**Records excerpted from a collection:**
****************

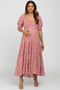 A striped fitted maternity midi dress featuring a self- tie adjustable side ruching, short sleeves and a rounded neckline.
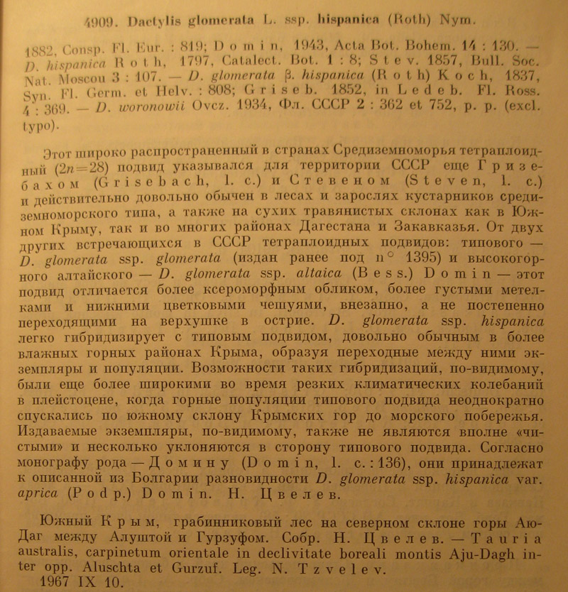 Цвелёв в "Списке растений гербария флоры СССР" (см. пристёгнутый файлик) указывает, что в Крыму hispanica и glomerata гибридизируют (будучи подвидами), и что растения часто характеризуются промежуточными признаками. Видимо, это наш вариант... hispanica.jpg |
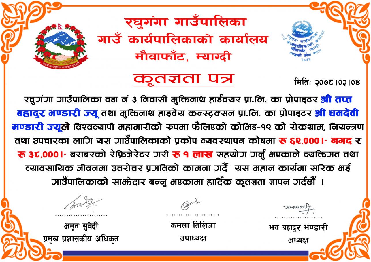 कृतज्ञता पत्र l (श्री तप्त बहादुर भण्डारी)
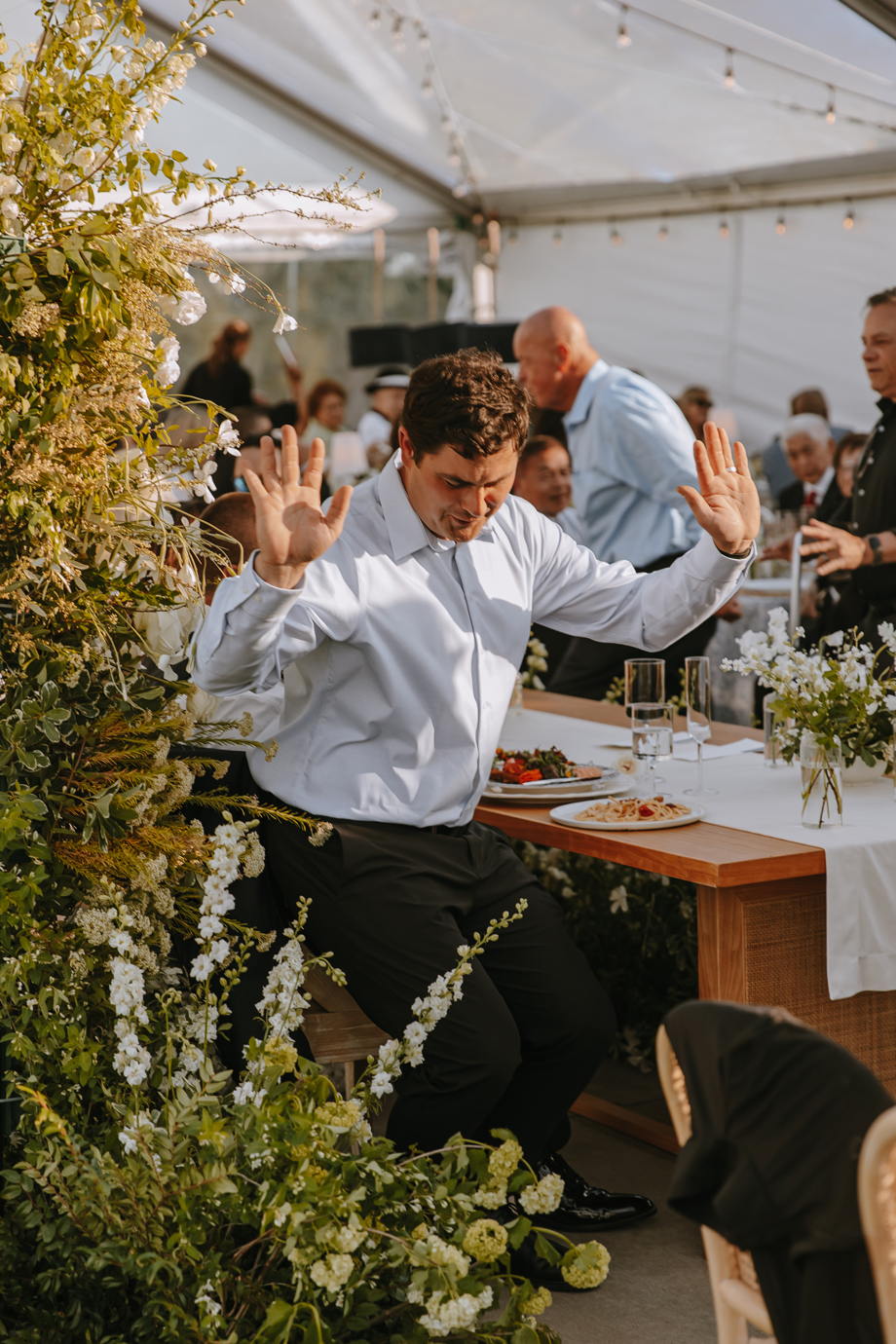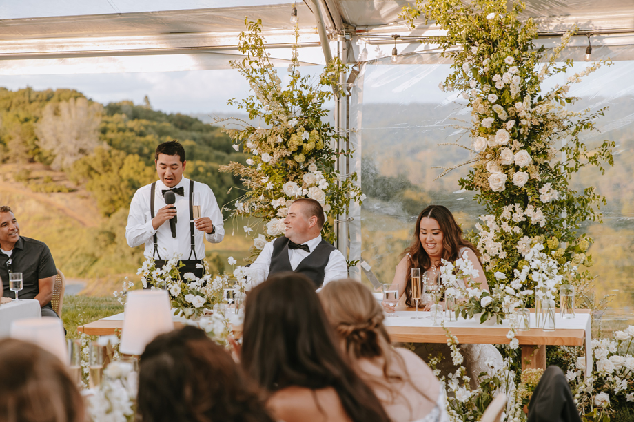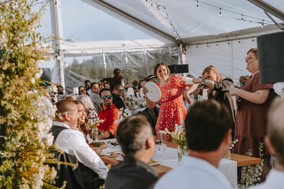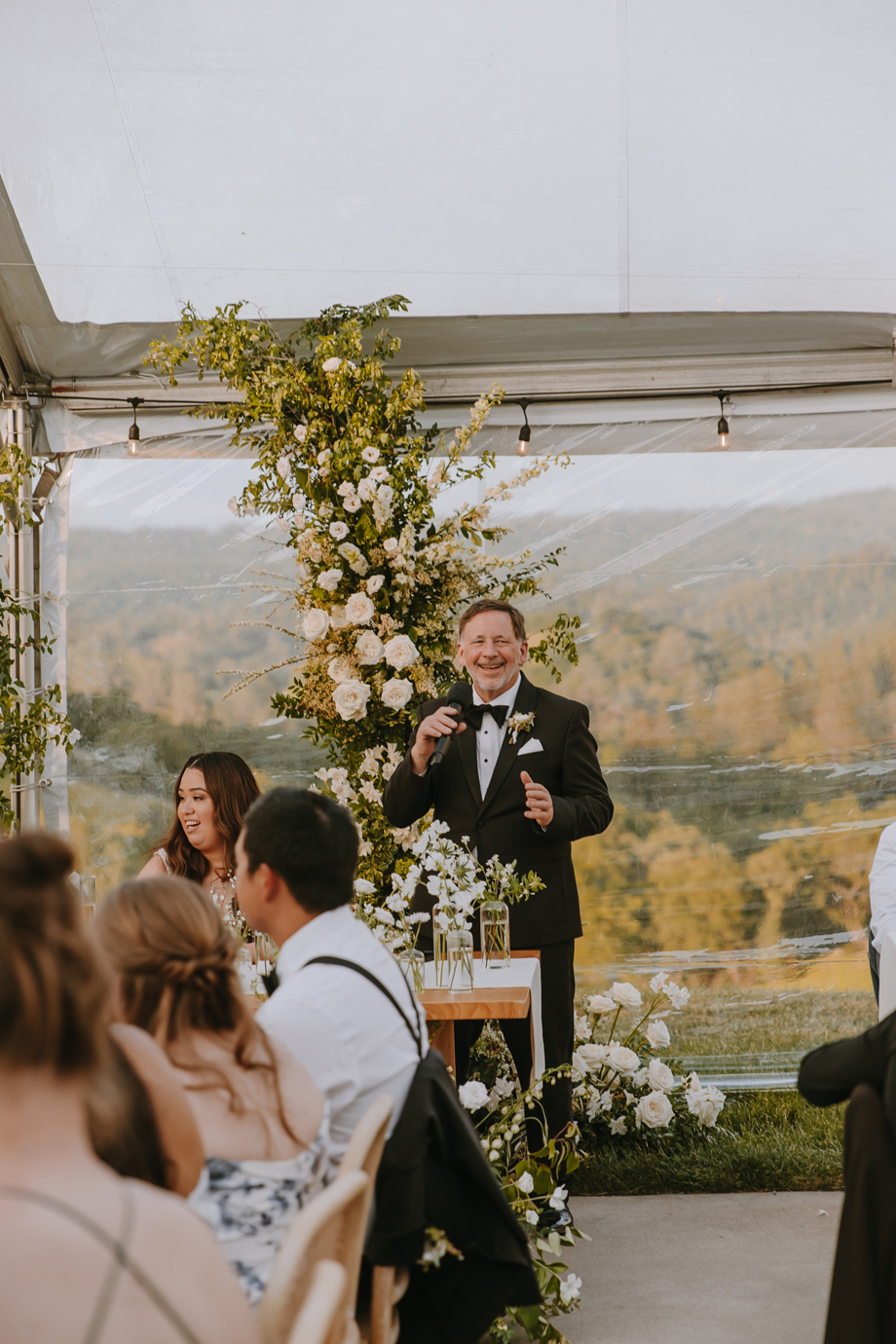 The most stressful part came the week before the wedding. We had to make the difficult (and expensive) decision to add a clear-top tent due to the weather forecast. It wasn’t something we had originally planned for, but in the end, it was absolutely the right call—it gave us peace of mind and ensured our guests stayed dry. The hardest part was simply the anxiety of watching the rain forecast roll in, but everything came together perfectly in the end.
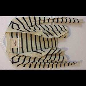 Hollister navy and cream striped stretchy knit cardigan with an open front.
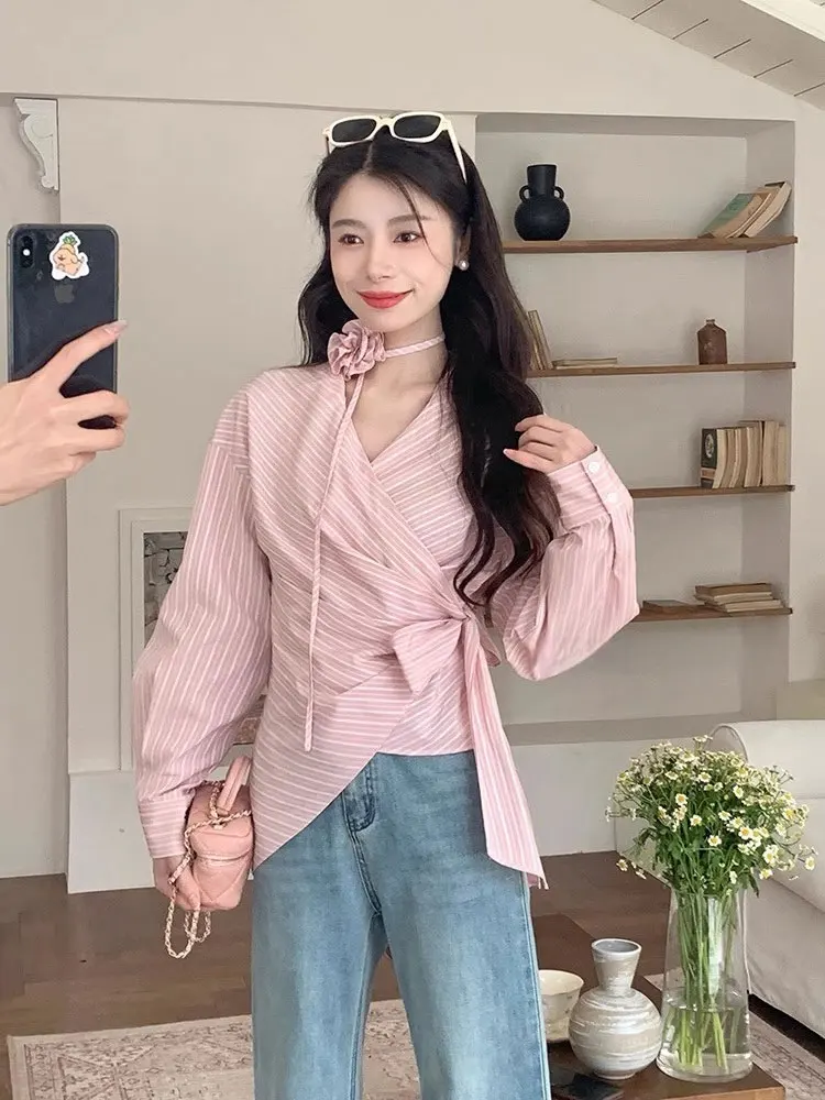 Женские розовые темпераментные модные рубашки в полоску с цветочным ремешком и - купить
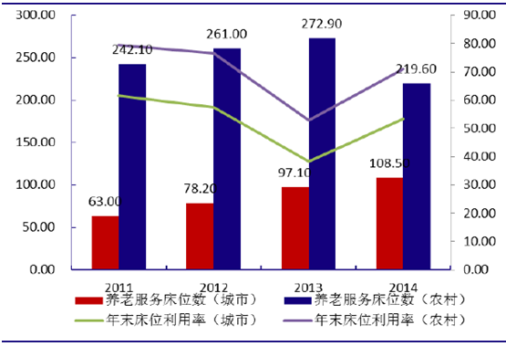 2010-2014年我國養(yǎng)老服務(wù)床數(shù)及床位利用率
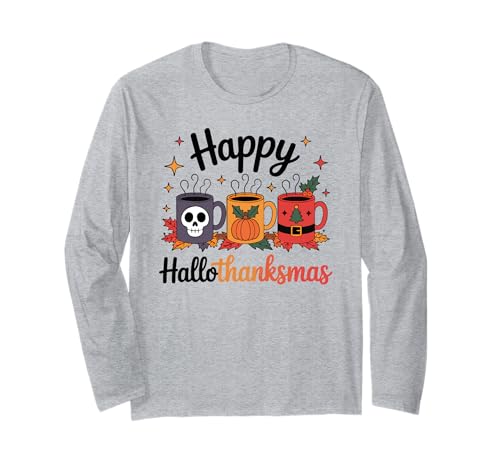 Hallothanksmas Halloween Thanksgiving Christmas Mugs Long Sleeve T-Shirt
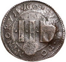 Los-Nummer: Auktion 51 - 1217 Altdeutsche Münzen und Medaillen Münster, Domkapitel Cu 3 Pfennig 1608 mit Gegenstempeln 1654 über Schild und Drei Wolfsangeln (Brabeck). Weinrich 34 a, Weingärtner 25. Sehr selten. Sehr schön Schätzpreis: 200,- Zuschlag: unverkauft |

****************

**Exercise:**
Please retype exactly the lines from the one containing "Женские розовые темпераментные" to the last line of the records above, both included, without any pictures.

**Answer space:**
 Женские розовые темпераментные модные рубашки в полоску с цветочным ремешком и - купить
 2010-2014年我國養(yǎng)老服務(wù)床數(shù)及床位利用率
 Hallothanksmas Halloween Thanksgiving Christmas Mugs Long Sleeve T-Shirt
 Los-Nummer: Auktion 51 - 1217 Altdeutsche Münzen und Medaillen Münster, Domkapitel Cu 3 Pfennig 1608 mit Gegenstempeln 1654 über Schild und Drei Wolfsangeln (Brabeck). Weinrich 34 a, Weingärtner 25. Sehr selten. Sehr schön Schätzpreis: 200,- Zuschlag: unverkauft |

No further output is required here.